** AVAILABLE RECORDS **

========

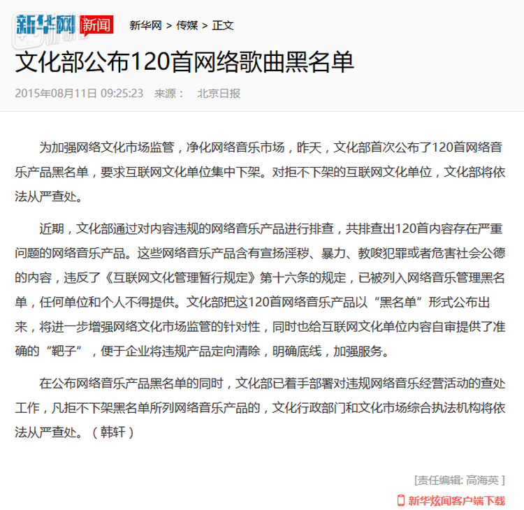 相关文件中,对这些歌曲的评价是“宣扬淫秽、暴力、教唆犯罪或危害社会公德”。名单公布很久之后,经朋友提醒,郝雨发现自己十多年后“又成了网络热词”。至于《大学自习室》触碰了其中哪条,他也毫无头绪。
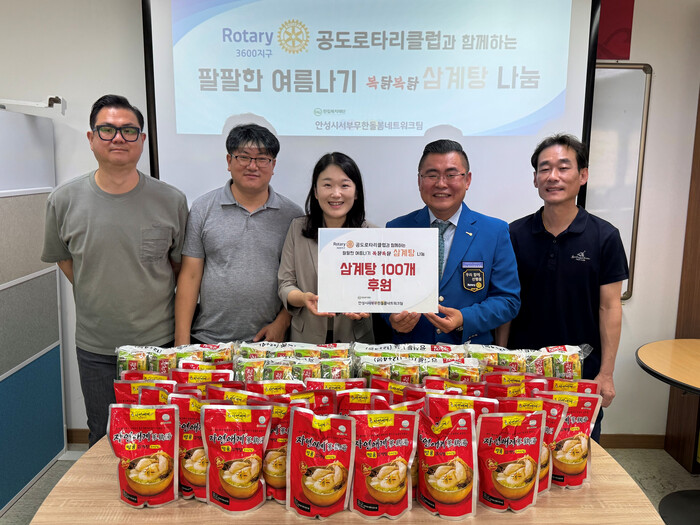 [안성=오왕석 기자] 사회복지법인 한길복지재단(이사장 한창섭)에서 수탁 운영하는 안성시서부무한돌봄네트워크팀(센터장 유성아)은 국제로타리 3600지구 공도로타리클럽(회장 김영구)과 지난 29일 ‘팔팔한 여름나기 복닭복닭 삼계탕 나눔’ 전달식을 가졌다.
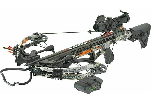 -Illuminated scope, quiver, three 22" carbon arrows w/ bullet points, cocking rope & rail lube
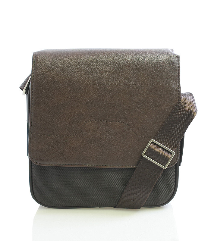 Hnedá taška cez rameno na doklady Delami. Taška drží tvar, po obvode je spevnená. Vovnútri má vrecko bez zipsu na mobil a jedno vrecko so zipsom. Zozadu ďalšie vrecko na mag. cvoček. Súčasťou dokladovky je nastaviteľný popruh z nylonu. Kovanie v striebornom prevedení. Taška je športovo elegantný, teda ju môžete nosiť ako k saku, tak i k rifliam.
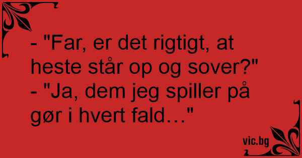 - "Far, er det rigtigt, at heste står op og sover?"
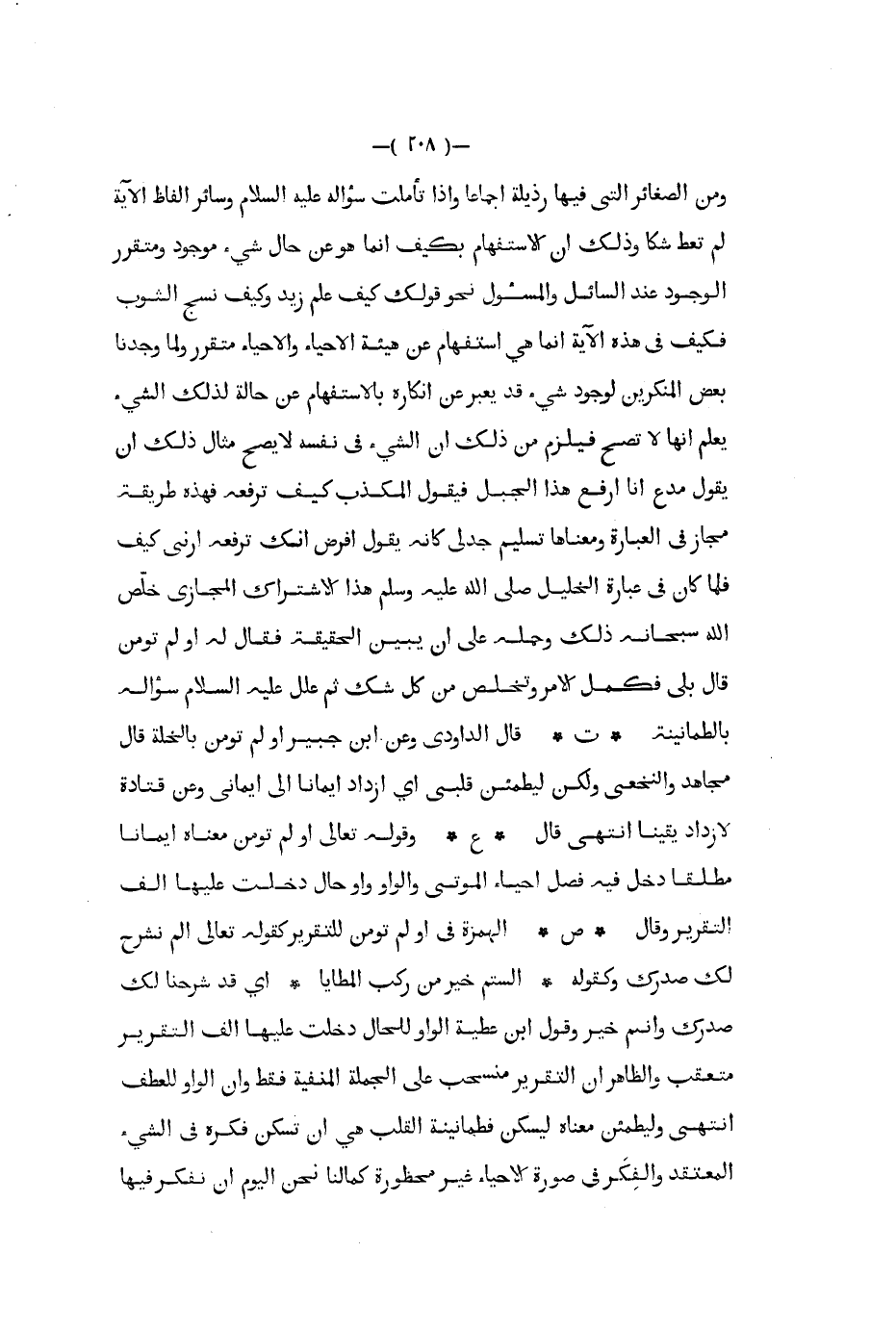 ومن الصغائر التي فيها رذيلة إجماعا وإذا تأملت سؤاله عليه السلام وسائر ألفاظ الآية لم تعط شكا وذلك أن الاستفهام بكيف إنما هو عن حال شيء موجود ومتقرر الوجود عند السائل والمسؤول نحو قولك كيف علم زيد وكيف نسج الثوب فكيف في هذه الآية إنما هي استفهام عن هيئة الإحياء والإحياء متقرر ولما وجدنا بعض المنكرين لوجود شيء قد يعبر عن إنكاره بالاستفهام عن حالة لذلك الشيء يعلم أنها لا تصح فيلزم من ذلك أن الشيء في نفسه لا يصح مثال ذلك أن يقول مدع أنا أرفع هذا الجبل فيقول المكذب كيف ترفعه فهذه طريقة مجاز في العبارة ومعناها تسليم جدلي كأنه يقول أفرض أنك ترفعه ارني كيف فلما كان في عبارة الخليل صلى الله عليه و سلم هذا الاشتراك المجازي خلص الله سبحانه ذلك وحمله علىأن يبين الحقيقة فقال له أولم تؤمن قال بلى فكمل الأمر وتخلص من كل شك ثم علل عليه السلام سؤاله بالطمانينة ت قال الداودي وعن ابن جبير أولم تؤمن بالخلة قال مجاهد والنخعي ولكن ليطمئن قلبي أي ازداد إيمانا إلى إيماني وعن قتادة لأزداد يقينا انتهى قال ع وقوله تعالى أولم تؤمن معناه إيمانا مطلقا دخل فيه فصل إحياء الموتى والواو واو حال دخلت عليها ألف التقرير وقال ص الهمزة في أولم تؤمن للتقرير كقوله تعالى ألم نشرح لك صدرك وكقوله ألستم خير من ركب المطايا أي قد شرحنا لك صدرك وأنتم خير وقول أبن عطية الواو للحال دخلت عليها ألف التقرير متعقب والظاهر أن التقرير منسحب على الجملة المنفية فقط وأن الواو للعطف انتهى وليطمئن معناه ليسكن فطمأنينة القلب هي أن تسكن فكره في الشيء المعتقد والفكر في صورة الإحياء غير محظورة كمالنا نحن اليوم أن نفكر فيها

========

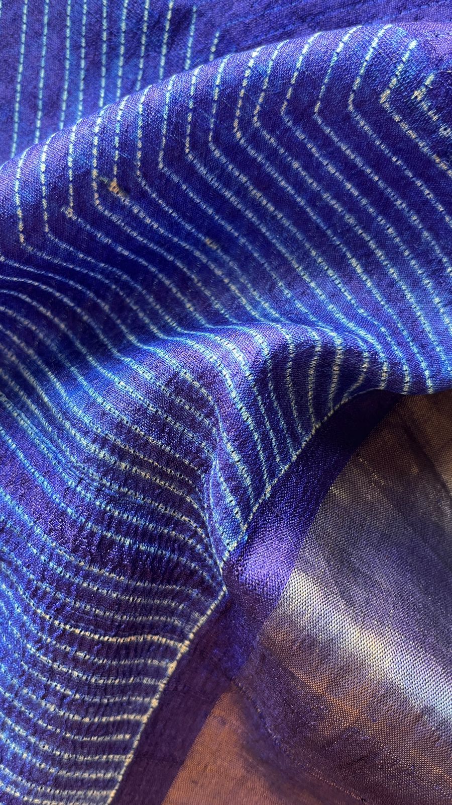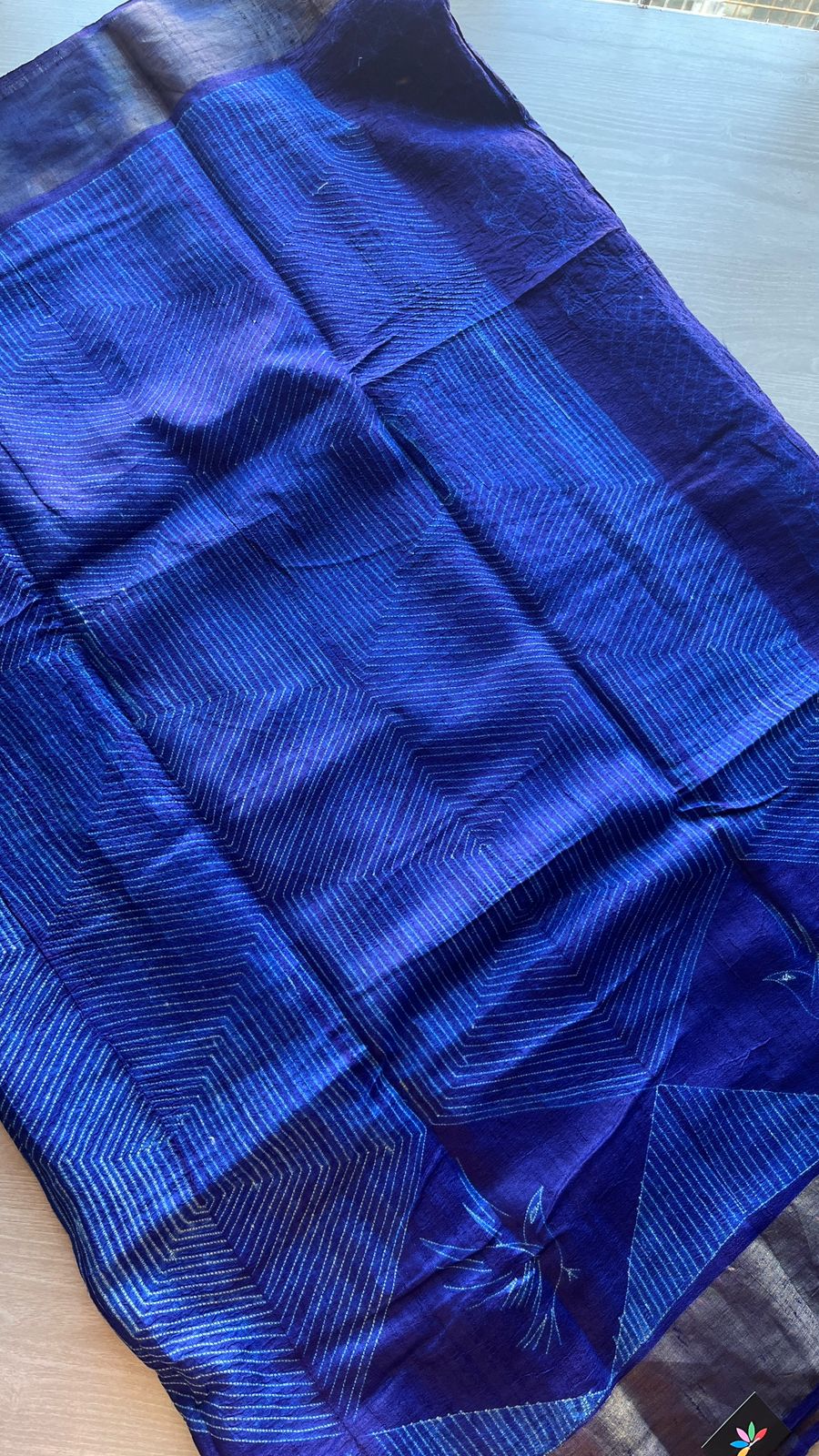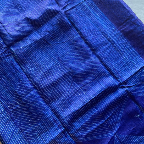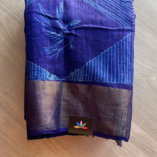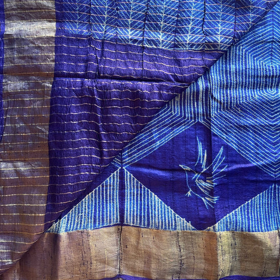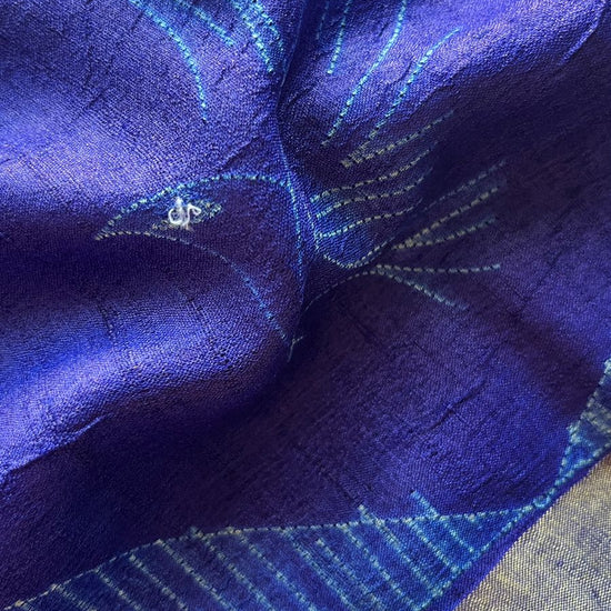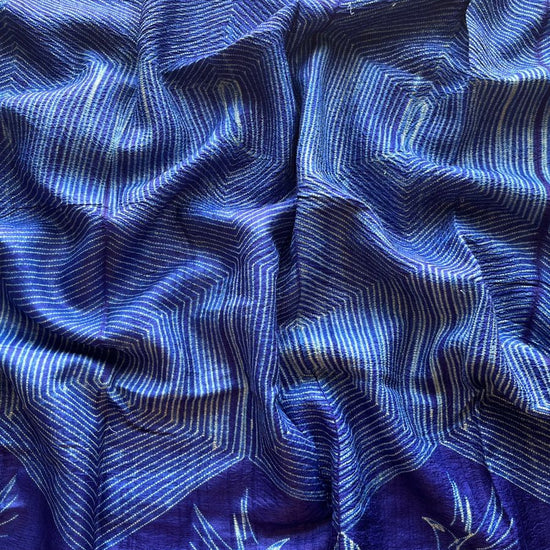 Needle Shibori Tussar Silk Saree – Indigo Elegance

========

** WHAT YOU HAVE TO DO **
Give again, exactly as written above, each line from the one that has "相关文件中,对这些歌曲的评价" to the one that has "det rigtigt, at", both included; omit the pictures.

** ANSWER TO THIS TASK **
 相关文件中,对这些歌曲的评价是“宣扬淫秽、暴力、教唆犯罪或危害社会公德”。名单公布很久之后,经朋友提醒,郝雨发现自己十多年后“又成了网络热词”。至于《大学自习室》触碰了其中哪条,他也毫无头绪。
 [안성=오왕석 기자] 사회복지법인 한길복지재단(이사장 한창섭)에서 수탁 운영하는 안성시서부무한돌봄네트워크팀(센터장 유성아)은 국제로타리 3600지구 공도로타리클럽(회장 김영구)과 지난 29일 ‘팔팔한 여름나기 복닭복닭 삼계탕 나눔’ 전달식을 가졌다.
 -Illuminated scope, quiver, three 22" carbon arrows w/ bullet points, cocking rope & rail lube
 Hnedá taška cez rameno na doklady Delami. Taška drží tvar, po obvode je spevnená. Vovnútri má vrecko bez zipsu na mobil a jedno vrecko so zipsom. Zozadu ďalšie vrecko na mag. cvoček. Súčasťou dokladovky je nastaviteľný popruh z nylonu. Kovanie v striebornom prevedení. Taška je športovo elegantný, teda ju môžete nosiť ako k saku, tak i k rifliam.
 - "Far, er det rigtigt, at heste står op og sover?"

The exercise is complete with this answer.